• [TASK DESCRIPTION]: The listing below holds pictures; exclude them. Return exactly the lines from the one with "初心者専用インドアゴルフスク" through the one with "ALLAN & JONES, PLUMBERS".

• [DATA SECTION]:
####

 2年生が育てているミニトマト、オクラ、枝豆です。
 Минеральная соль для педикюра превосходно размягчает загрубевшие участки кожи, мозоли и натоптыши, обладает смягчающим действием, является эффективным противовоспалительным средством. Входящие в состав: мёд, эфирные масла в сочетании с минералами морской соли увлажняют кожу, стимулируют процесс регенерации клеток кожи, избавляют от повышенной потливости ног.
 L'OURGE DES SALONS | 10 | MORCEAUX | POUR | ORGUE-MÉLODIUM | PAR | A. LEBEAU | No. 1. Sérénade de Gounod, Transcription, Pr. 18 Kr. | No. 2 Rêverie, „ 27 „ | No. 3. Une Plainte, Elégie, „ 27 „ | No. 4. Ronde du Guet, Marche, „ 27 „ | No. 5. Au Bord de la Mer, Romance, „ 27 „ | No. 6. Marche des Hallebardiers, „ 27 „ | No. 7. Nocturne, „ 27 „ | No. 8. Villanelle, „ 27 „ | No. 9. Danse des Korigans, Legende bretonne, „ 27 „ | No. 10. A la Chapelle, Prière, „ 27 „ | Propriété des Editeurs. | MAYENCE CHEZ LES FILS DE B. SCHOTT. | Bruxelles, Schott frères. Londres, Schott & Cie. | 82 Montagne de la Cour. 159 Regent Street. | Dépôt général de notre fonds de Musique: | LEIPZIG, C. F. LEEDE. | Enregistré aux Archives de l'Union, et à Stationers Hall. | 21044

####

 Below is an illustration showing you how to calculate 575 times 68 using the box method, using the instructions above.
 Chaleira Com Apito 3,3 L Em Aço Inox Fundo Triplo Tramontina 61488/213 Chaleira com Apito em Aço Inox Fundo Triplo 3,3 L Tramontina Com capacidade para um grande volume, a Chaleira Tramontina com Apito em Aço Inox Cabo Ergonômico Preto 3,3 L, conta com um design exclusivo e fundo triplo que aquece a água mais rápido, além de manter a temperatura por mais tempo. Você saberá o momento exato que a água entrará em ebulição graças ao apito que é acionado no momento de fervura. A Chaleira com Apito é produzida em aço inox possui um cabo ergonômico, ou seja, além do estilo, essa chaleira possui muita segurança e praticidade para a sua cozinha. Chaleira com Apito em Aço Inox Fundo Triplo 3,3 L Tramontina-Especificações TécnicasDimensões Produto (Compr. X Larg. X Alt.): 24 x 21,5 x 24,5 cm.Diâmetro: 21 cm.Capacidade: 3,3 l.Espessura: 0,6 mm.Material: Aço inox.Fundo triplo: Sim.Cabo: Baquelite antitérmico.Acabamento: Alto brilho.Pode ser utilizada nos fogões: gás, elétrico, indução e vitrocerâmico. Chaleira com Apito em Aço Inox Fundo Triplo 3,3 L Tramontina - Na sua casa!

####

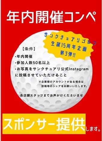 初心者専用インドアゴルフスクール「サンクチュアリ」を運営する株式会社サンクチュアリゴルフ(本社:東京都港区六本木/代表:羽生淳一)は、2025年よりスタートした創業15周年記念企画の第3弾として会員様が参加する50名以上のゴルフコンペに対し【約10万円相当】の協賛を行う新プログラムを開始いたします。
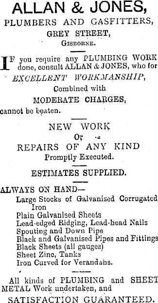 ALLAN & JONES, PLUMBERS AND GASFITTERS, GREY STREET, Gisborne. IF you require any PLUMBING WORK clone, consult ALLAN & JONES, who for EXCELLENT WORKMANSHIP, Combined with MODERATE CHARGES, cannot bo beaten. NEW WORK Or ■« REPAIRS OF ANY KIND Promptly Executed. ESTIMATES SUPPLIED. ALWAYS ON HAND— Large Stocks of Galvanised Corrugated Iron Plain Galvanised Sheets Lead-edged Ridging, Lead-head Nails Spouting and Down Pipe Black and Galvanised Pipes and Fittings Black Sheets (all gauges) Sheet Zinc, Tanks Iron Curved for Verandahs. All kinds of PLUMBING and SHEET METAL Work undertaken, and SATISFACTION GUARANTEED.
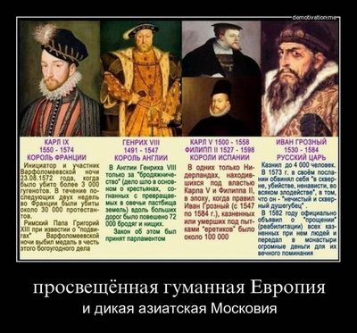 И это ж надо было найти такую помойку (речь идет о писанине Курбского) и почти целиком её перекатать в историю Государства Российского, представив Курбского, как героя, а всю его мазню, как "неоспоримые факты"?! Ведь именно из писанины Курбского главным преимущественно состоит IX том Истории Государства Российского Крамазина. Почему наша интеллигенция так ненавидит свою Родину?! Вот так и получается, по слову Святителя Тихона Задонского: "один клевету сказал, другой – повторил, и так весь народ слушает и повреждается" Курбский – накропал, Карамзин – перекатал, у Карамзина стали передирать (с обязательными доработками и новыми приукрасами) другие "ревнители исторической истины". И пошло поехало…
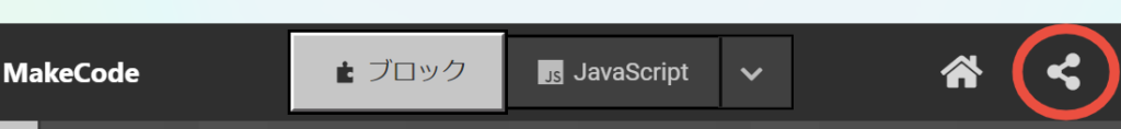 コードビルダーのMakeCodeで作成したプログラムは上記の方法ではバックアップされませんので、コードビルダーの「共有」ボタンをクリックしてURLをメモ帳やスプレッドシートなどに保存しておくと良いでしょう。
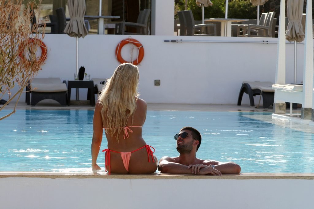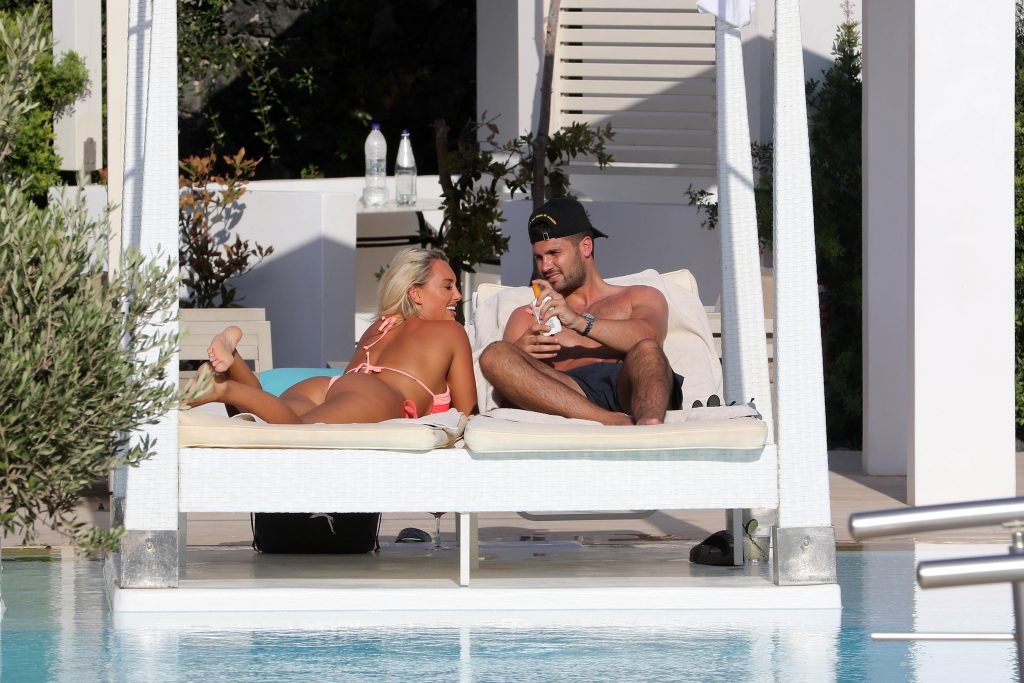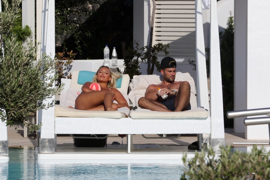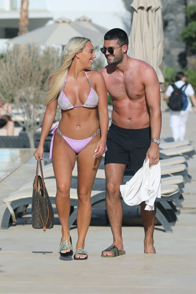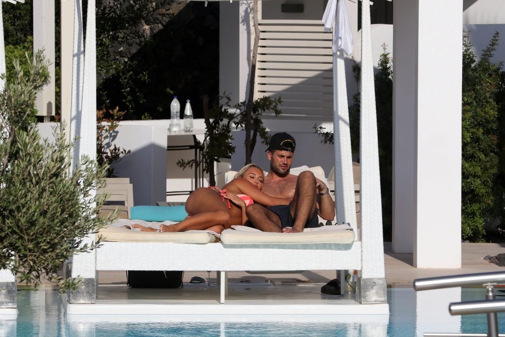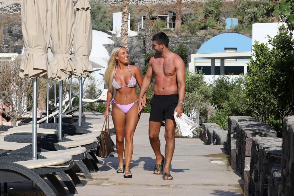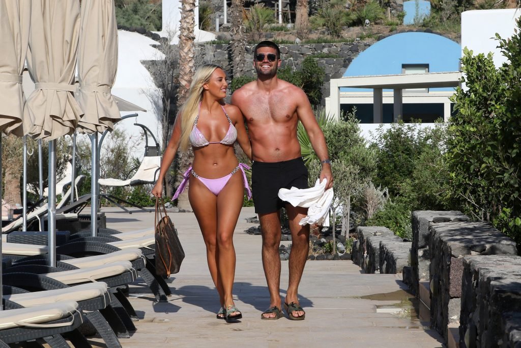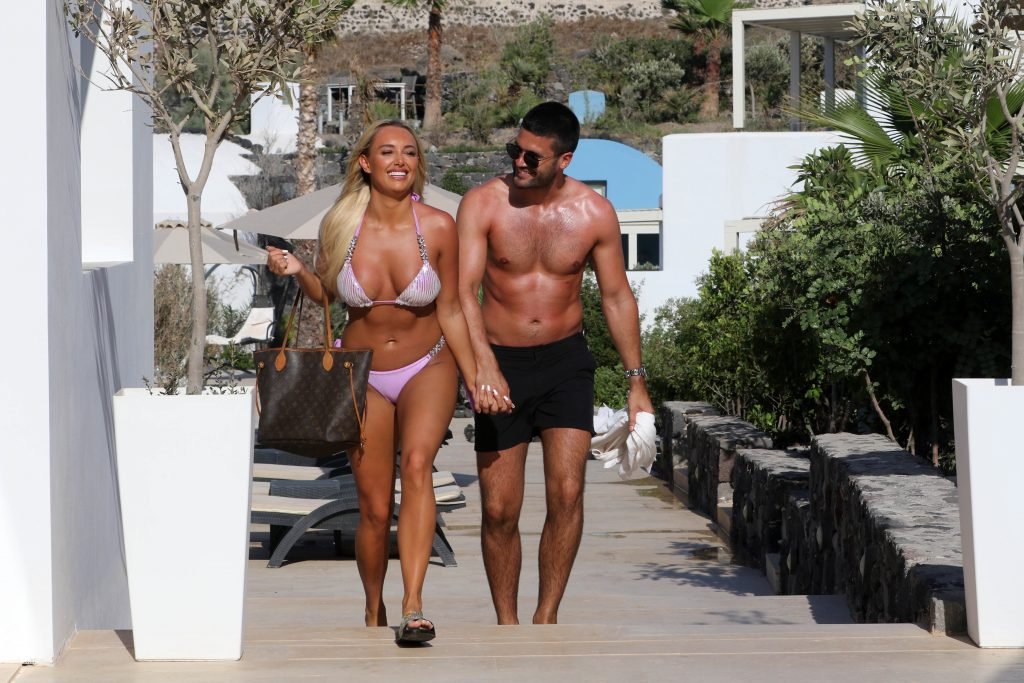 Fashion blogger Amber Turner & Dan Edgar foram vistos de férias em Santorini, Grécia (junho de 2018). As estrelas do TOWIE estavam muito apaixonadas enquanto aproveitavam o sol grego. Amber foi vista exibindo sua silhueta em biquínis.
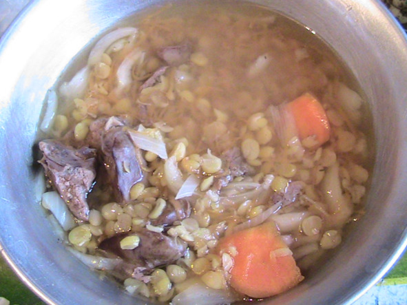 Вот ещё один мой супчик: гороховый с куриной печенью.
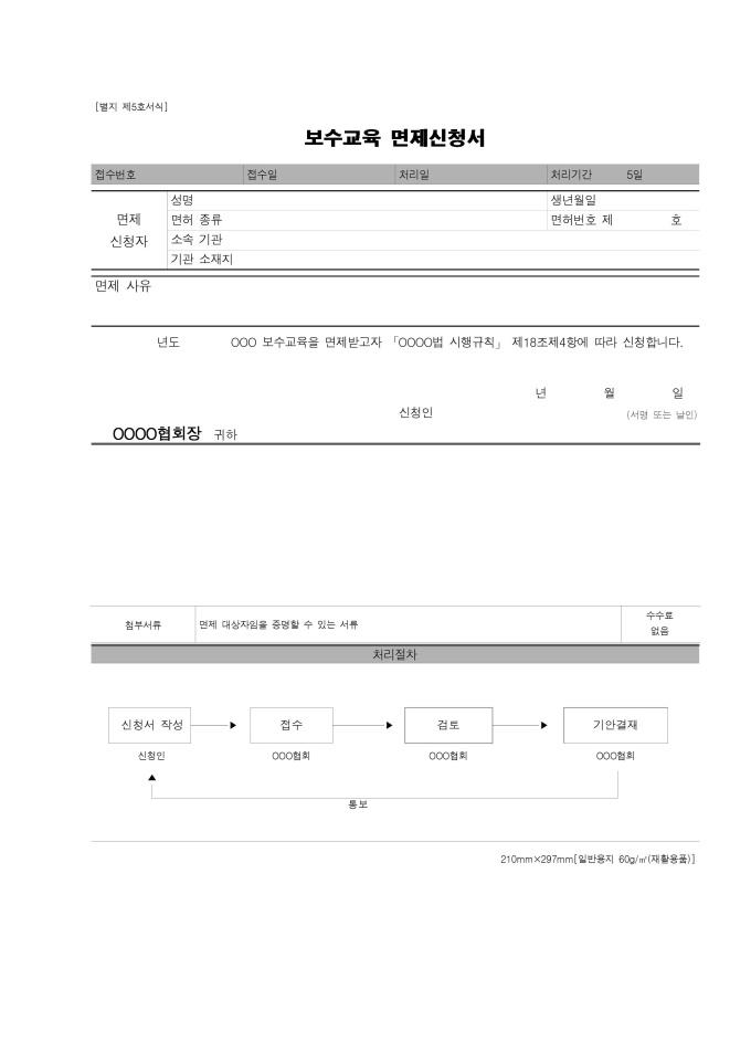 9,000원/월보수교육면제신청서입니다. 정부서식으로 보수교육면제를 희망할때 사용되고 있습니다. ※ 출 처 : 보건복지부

####

• [TASK OUTPUT]:
 初心者専用インドアゴルフスクール「サンクチュアリ」を運営する株式会社サンクチュアリゴルフ(本社:東京都港区六本木/代表:羽生淳一)は、2025年よりスタートした創業15周年記念企画の第3弾として会員様が参加する50名以上のゴルフコンペに対し【約10万円相当】の協賛を行う新プログラムを開始いたします。
 ALLAN & JONES, PLUMBERS AND GASFITTERS, GREY STREET, Gisborne. IF you require any PLUMBING WORK clone, consult ALLAN & JONES, who for EXCELLENT WORKMANSHIP, Combined with MODERATE CHARGES, cannot bo beaten. NEW WORK Or ■« REPAIRS OF ANY KIND Promptly Executed. ESTIMATES SUPPLIED. ALWAYS ON HAND— Large Stocks of Galvanised Corrugated Iron Plain Galvanised Sheets Lead-edged Ridging, Lead-head Nails Spouting and Down Pipe Black and Galvanised Pipes and Fittings Black Sheets (all gauges) Sheet Zinc, Tanks Iron Curved for Verandahs. All kinds of PLUMBING and SHEET METAL Work undertaken, and SATISFACTION GUARANTEED.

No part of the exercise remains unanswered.